What’s happening right now is that the industry has pushed up against what  previously only existed in sci-fi imagination and Star Trek, waiting for technology (processor size, heat, touch sensitivity, wireless connectivity, software, etc.) all to catch up to that imagination.

Steve jobs dared to take a leap and catch up to our collective imagination in 2007 by essentially making Star Trek’s Tricorder a reality (albeit a very derivative first attempt). 5 years later every one has figured out the magic and can pretty much copy/paste themselves an iPhone clone. 5 years later, Steve Ballmer is regretting laughing at the iPhone and his company has and is doing everything to try to stay relevant because they were caught coasting.

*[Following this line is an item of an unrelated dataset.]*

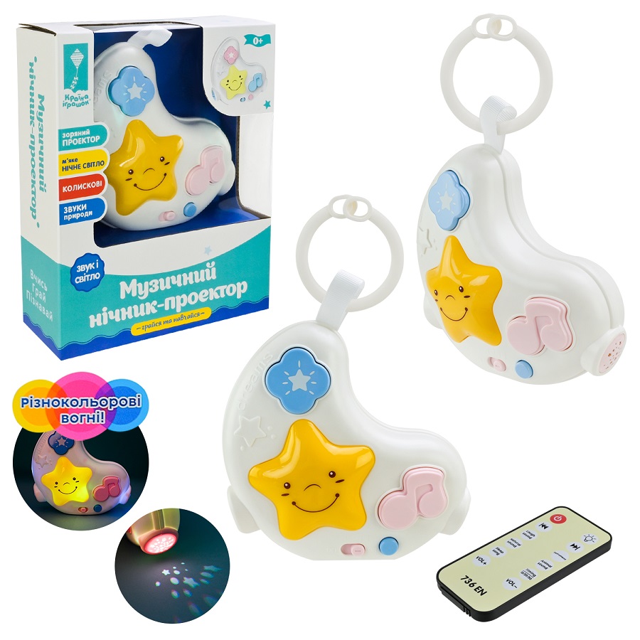 Нічник 724-07 “Грайся та навчайся “, з пультом керування, проектор зоряне небо,муз., короб. 17,5*6,5*21см

About the only person daring to bring sic-fi imagination to reality is Elon Musk – the real-world Iron Man/Tony Stark. He is obsessive in seeking to make today better than it was yesterday, by daring to make yesterday’s imagination and movie magic into today’s reality.

The innovation in the iPhone is no longer the iPhone itself, it is what you can do with it, not what Apple can do to it. Apple’s iPhone and iOS ecosystem is a platform for the imagination. It is not the be all, end all of what innovation should be. Apple doesn’t invent all the technologies in the iPhone. We know that. It assembles the best technologies out there into one form-fitting package around a business model centered on maximum profitability. That’s why it is the most profitable device maker in the world.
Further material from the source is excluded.